I wish to properly protect it from SQL injection attacks and from user entering nonsense characters.

MY EFFORTS TO SOLVE THE PROBLEM:

I was thinking of discarding colon, and semicolon in my subclassing procedure in response to WM_CHAR, and to perform the validation again in response to EN_CHANGE. If problem occurs I would inform the user and disable "Save" button.

Since my application is locale aware, I need locale aware functions for testing the input character.

So far I have found IsCharAlpha[^] and IsCharAlphaNumeric[^] which seem locale aware ( my English is not the best so maybe I have misread the MSDN documentation, I apologize for that ).

I have also searched here for similar questions but found none.

QUESTION:

Will discarding semicolon only do the trick, or I need to take some other characters into consideration?

Am I on the "right track" with subclassing + EN_CHANGE or is there a better way to achieve this? If there is can you point me in the right direction?

Thank you.

Best regards.
Posted

1 solution

This exploit is well explained here, as well as the major remedy:
http://xkcd.com/327[^],
http://en.wikipedia.org/wiki/SQL_injection[^].

As you can see, effective remedy is the use of parametrized statements and the sanitizing of user input from ';' and other characters cannot be reliable, bothersome and should not be used. However, you can sanitize the input of all other purposes, to ensure entering valid data.

Sorry, my past answers are mostly for .NET and ADO.NET, but you can find some useful ideas:
EROR IN UPATE in com.ExecuteNonQuery();[^],
hi name is not displaying in name?[^].

—SA
 
Share this answer
 
Comments
AlwaysLearningNewStuff 19-Mar-14 23:33pm    
There is no need to apologize, I will have to learn .NET one day, and your guidance can only be beneficial to me!

I forgot to mention that I use ADO Command Object to perform parametrized query.

The way I see it, discarding semicolon should "do the job".

It is late now and I must work on some other parts of my project, so I will give this a look tomorrow or in a day or two ( please understand me, I am working on my own on a my first project ).

Still, knowing the quality of your answers I strongly believe I will accept the answer officially.

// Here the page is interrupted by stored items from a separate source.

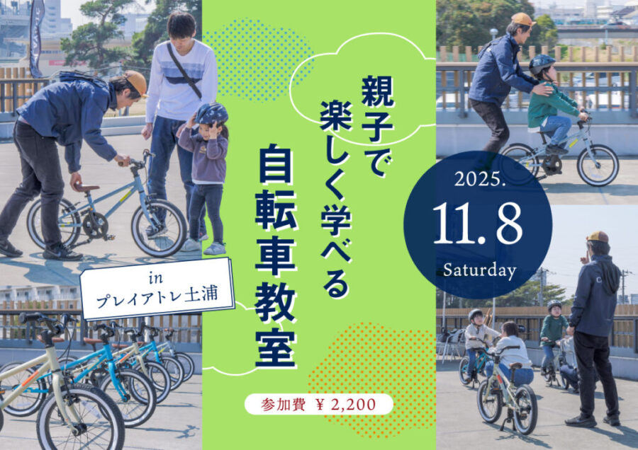 2025年11月8日(土)に、プレイアトレ土浦にて、「親子で楽しく学べる自転車教室」(主催:サイクルスポット&ル・サイク)が開催されます。
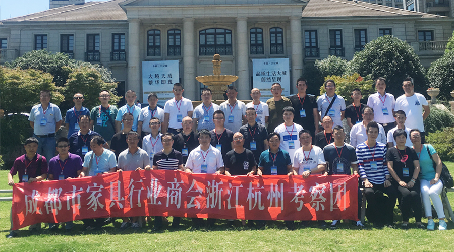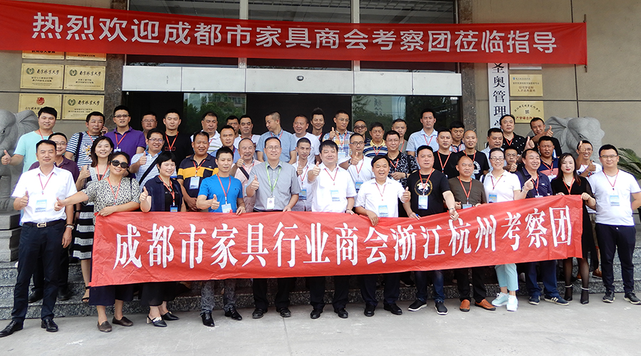 为学习浙江家具企业先进的生产管理经验,促进两地家具行业的交流与合作,2017年8月22日至25日,成都市家具行业商会组织考察团赴浙江杭州、海宁进行考察交流。考察团由商会会长古皓东、秘书长罗炜杰带队,先后考察了华旺新材料、帝龙新材料、圣奥办公家具、顾家家居、卡森沙发、宝莱克布艺、奥坦斯布艺、春光名美等8家优秀品牌企业。成都明珠家具副总裁王瑜、双虎沙发总经理应国富、帝标家具董事长郑红鑫等50多位成都家具同仁参加了此次考察活动。
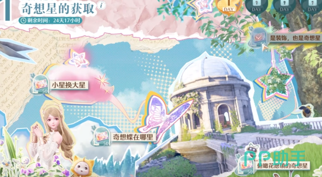 另外在半山腰学院这边就可以看到有一个奇想蝶绕圈飞,玩家只需要切换成捕虫的套装,等到蝴蝶飞过来之后马上就可以捕捉,这就意味着完成了这一次的任务。接着玩家可以来到悠悠垂钓协会花苑镇分部传送点,在这里就能拿起小星星完成解锁任务。
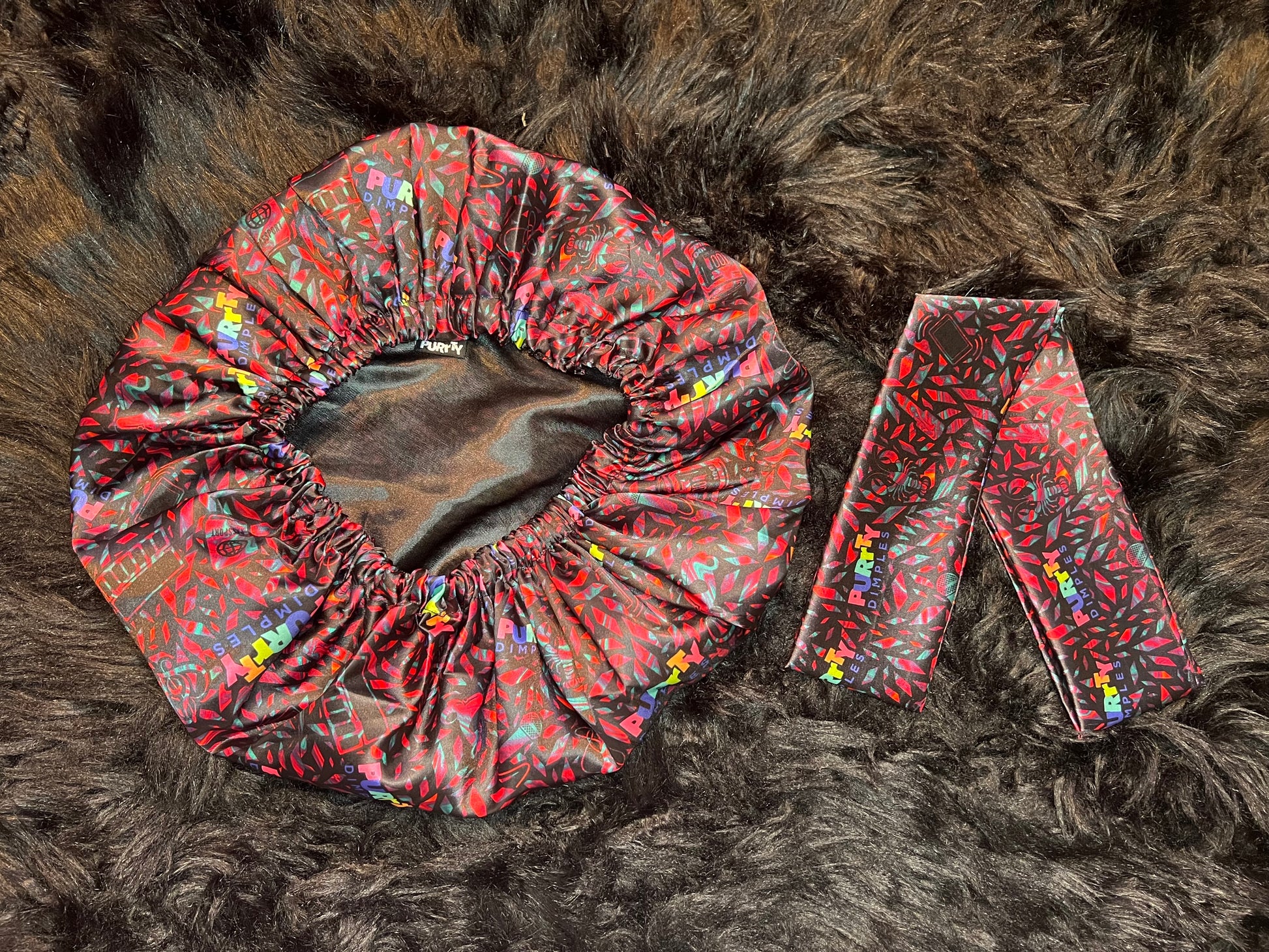 How big do we do it in Purrtyville? #Supa big. Honoring our CEO’s sister we proudly welcome the “Supa Bonnet” to our growing collection. This new bonnet encompasses all of the passions from our dearest friend and sister in our head. Whether it’s traveling, hookah, cooking or makeup, you won’t catch Supa without her comfy, cozy, and ultra protecting bonnet near by, and now… she has one of her own. Grab your fun Supa Bonnet and edge scarf today!
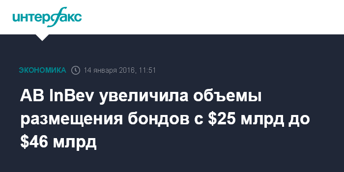 Москва. 14 января. INTERFAX.RU – Бельгийская пивоваренная компания AB InBev увеличила объемы размещения облигаций с $25 млрд до $46 млрд в рамках второй по величине среди подобных сделок в истории рынка.
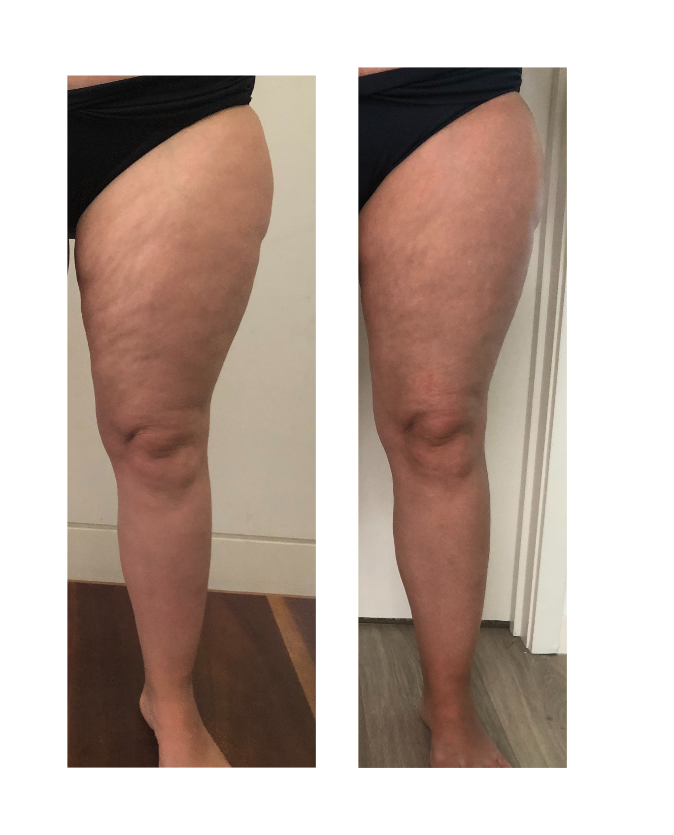 Exercise regularly: This can help to firm and tone the muscles in your legs, which can in turn help to reduce the appearance of cellulite. Cardio and strength training are both important.
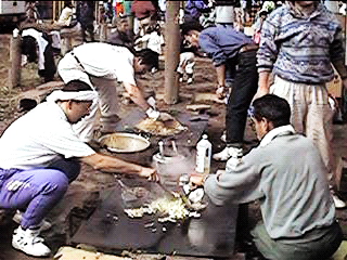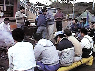 例のごとく火を囲んで打ち上げです。寒いので日本酒がどんどん消費され、となりの一源へ調達に行ったりしていました。しまいには先生方も引っぱり込んでしまいました。
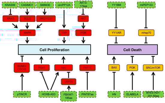 The apoptotic program can be initiated by various physiological signals, triggering a series of choreographed molecular steps involving in disruption of cellular membranes, cytoskeletal collapsing, chromatin condensation, and nuclear fragmentation [56]. The main apoptotic pathways are extrinsic and intrinsic as well as an additional T cell mediated perforin/granzyme pathway [71]. Although each pathway depends on specific activating signals, they converge on the same execution pathway triggered by caspase-3 activation [71]. Tumor cells can gain apoptotic resistance by expressing anti-apoptotic proteins (e.g., Bcl-2) or inhibiting proapoptotic proteins (e.g., Bax) [71]. Many peptides translated from ncORFs have been implicated in cell death regulation. For example, humanin (HN) inhibits apoptosis by preventing Bax translocation from cytosol to mitochondria (Figure 2) [72]. Inhibition of HN expression resensitizes the cells to Bax [72]. One of lncRNAs, BVES-AS1, encodes a short peptide, named BVES-AS1-201-50aa, which promotes cell viability by activating Src/mTOR signaling in CRC cells [73]. ELABELA is a 54aa peptide hormone that activates PI3K/AKT signaling via the apelin receptor to stimulate hESC growth and maintain self-renewal through inhibition of apoptotic pathways (Figure 2) [19]. Another lncRNA-encoded microprotein regulating cell viability is YY1-blocking microprotein (YY1BM) [74]. Under nutrient deprivation, YY1BM induces apoptosis by inhibiting the interaction of YY1 and androgen receptor in male esophageal squamous cell carcinoma (Figure 2) [74]. As previously described, pri-miRNAs, precusors of miRNAs, have been found to harbor ncORFs that encode functional peptides [28]. Microproteins encoded by these ncORFs are termed miRNA-encoded peptides (miPEPs). A novel miPEP, miPEP133, has demonstrated its tumor suppressive ability [75]. Overexpression of miPEP133 induces cell cycle arrest and apoptosis by blocking the interaction between mitochondaril heat shock protein 70 and its binding partner (Figure 2) [75].
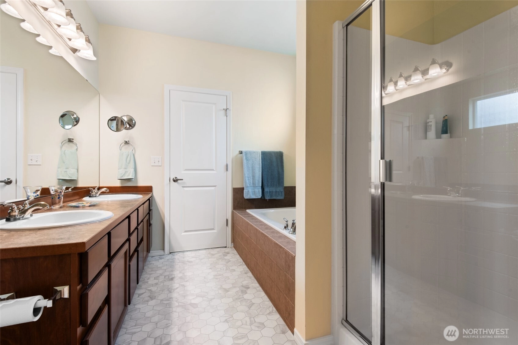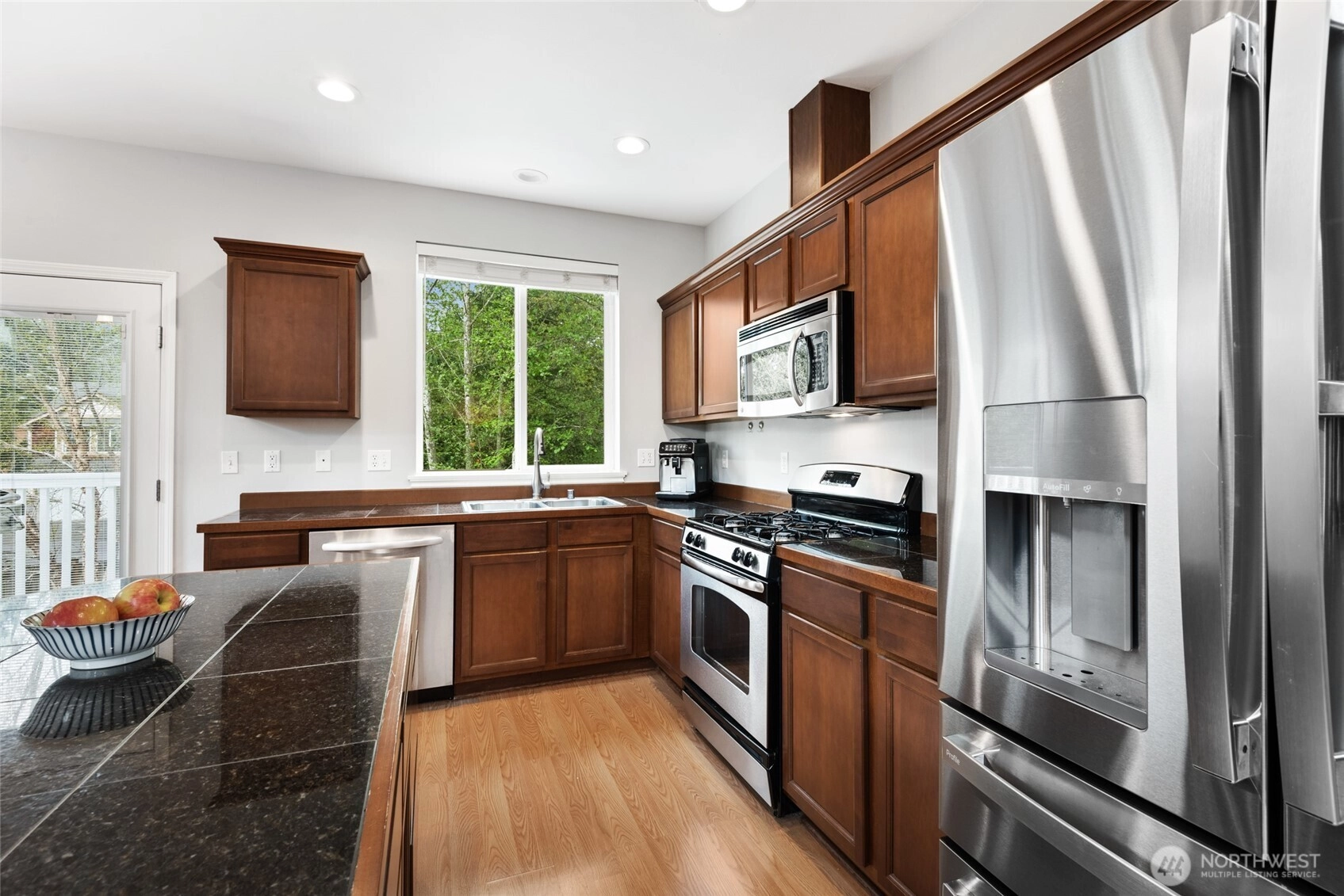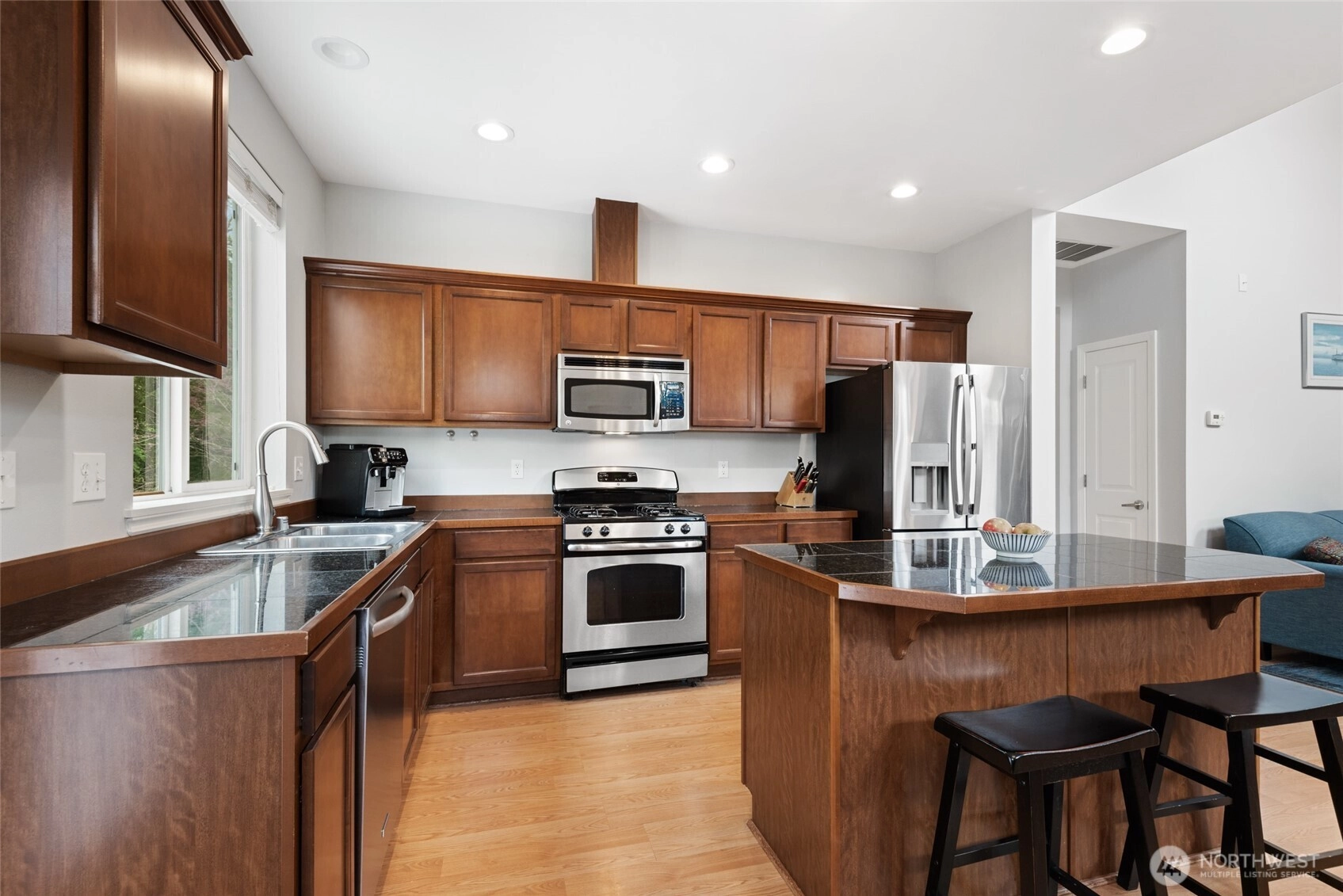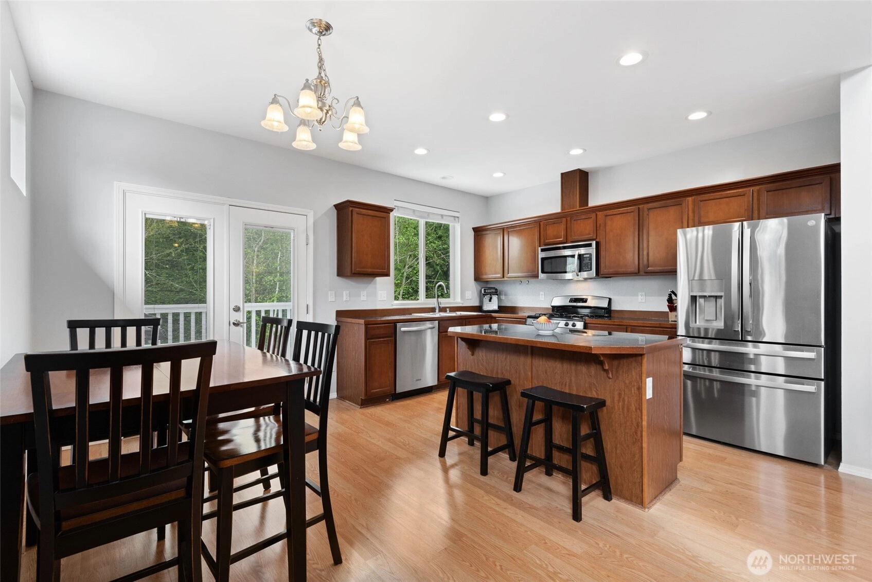 Experience comfort and convenience in this beautifully maintained 4-bed, 2.5-bath NW Craftsman tucked into a private Bothell neighborhood. The main-level primary suite includes an en-suite bath and walk-in closet. Enjoy a gourmet kitchen with island, stainless steel appliances, granite counters, birch cabinetry, hardwood floors, new carpet. and a smart thermostat. Soaring two-story ceilings add light and space. Step out to a private back deck and side yard bordering a greenbelt. Located near shopping, parks, transit, and in the highly rated Everett School District. Cedar shake and stone accents complete the charm. Don’t miss it!

Thank you for your never ending support and guidance.

P.S. The first link points to a comic book! :)

Best regards.
Sergey Alexandrovich Kryukov 19-Mar-14 23:40pm    
Great. Do you understand then how parametrized query prevents SQL injection through the user input? In this case, data is strictly isolated from the SQL statement...
—SA
AlwaysLearningNewStuff 19-Mar-14 23:47pm    
I do not understand exactly how it is done, but I understand that this approach protects me the best. I still would like to limit the user to enter sane characters, not some nonsense like "-+Microsoft@.

To be honest, I believe that I have done the hard part just by using the parametrized query, the removal of invalid characters seem like "ice on the cake".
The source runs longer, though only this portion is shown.